'''
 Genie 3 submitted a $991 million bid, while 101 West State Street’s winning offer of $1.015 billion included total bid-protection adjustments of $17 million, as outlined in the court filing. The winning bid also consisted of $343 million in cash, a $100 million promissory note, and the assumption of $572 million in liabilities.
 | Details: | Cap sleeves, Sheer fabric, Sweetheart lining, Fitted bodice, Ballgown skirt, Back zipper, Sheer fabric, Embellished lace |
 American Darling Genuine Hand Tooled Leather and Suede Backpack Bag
'''
'''
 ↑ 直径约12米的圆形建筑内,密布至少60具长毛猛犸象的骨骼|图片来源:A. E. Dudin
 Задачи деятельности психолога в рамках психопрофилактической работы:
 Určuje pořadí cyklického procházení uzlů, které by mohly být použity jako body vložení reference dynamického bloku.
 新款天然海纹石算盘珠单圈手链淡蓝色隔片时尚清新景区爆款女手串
'''
- EXERCISE DETAILS: Please give back exactly the lines of the listing above that run from the one containing "Embellished lace |" through the one containing "American Darling Genuine", and only those.

- WORKED SOLUTION:
 | Details: | Cap sleeves, Sheer fabric, Sweetheart lining, Fitted bodice, Ballgown skirt, Back zipper, Sheer fabric, Embellished lace |
 American Darling Genuine Hand Tooled Leather and Suede Backpack Bag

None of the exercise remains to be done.